Customer concentration
Heavy reliance on data-center operators means any delay at Amazon or Microsoft directly hits results.
Geographic exposure
Manufacturing in Taiwan and China adds tariff and supply-chain risk not quantified in supplied data.
08Insider & ownership

Ownership

Insiders and institutions hold meaningful stakes with almost no short interest.

Insiders10.8%
Institutions68.3%
Short % float0.1%
Shares out80.24M
Float76.07M

Low short interest reduces squeeze risk but also means less forced buying on positive news; high institutional ownership can amplify moves on earnings.

09What's next

What’s next

Next earnings and any follow-on order updates are the main near-term catalysts.

~Jun 2026
Q2 2026 earnings (est. 3 months after Mar 31 quarter)
Jun 15, 2026
Jim Cramer prefers Corning over AAOI
Jun 11, 2026
Multiple headlines on AI optimism and stock surge

Investors will watch whether the 1.6T orders convert into sequential revenue growth and whether margins begin to turn positive.

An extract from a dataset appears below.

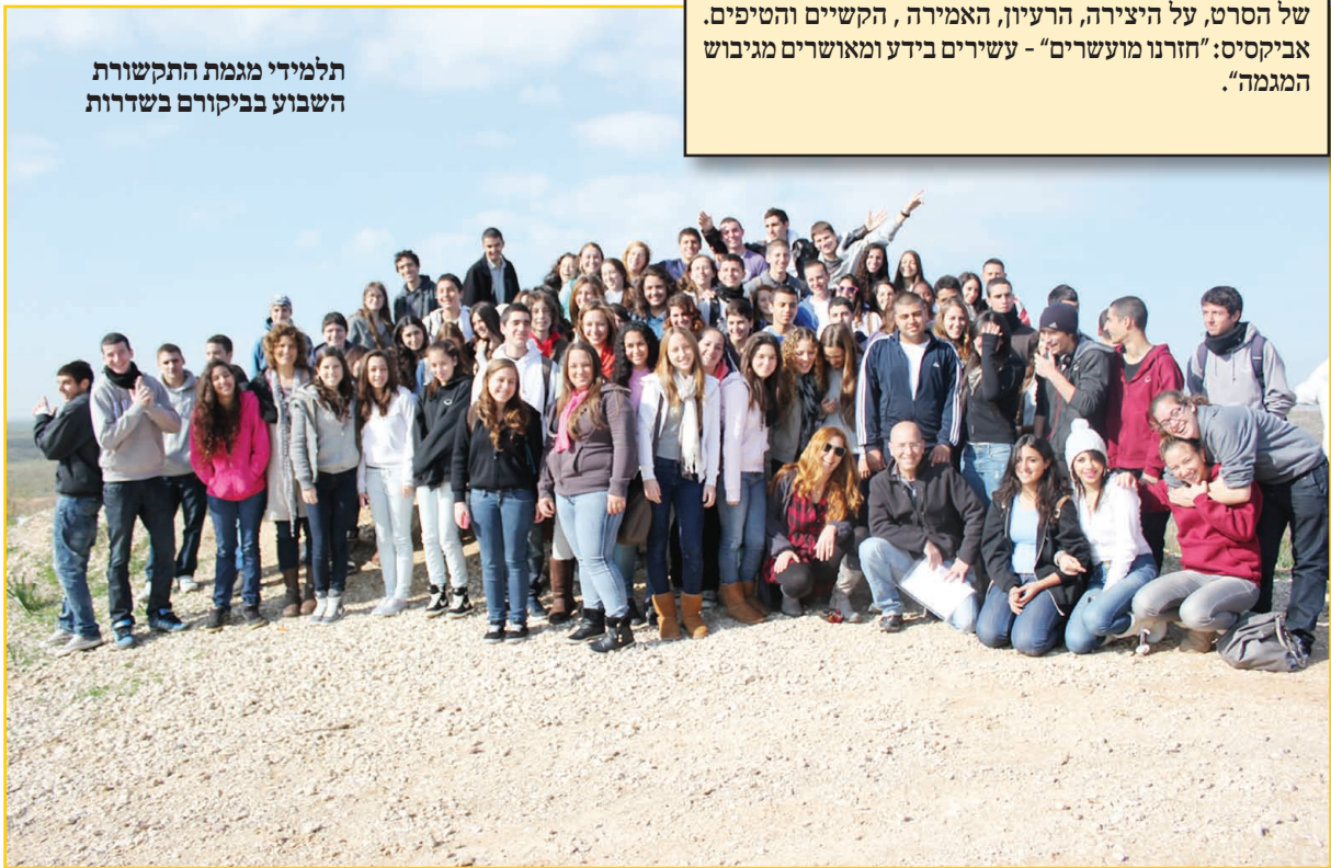
תלמידי מגמת התקשורת השבוע בביקורם בשדרות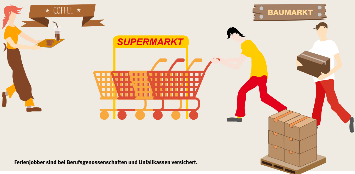
Ferienjobber sind bei Berufsgenossenschaften und Unfallkassen versichert.

In aller Regel liegen Schülerpraktika im organisatorischen Verantwortungsbereich der Schule, die gemäß dem einschlägigen Schulrecht Einfluss auf Inhalt und Form des Praktikums nimmt und die Schülerinnen und Schüler persönlich vor Ort betreuen muss. Gleichgültig ist dabei, ob der Schülerin oder dem Schüler eine Praktikumsstelle von der Schule zugewiesen wurde oder ob es sich um ein freiwilliges Praktikum handelt. Während dieser Betriebspraktika sind Schülerinnen und Schüler durch die

Any new qualification wins at additional hyperscalers would extend the runway.

10How to buy

How to buy

AAOI trades on a major U.S. exchange under ticker AAOI.

ExchangeUS (NASDAQ)
TickerAAOI
Liquidity noteAvg volume not reported; size positions modestly given 3.67 beta
Foreign listingNo; U.S. domestic issuer

Use limit orders and consider dollar-cost averaging because of the wide daily ranges observed in the 52-week data.

11Bottom line

The setup, in one screen

Bull, bear, and what to watch

BULL
Large hyperscale orders plus 51% revenue growth give a credible path to scale in the AI optical supply chain.
BEAR
Still-unprofitable operations, 84x forward earnings and 3.67 beta create substantial downside if growth slows.
WATCH
Next earnings for margin trajectory and any incremental order announcements from Amazon or Microsoft.
High-risk momentum name suitable only for small portfolio sleeves with strict stop discipline.
FinX Tracker sources every figure from market data and fact-checks the thesis across multiple passes. Information only, not investment advice. FinX Tracker is independent and not affiliated with the featured account.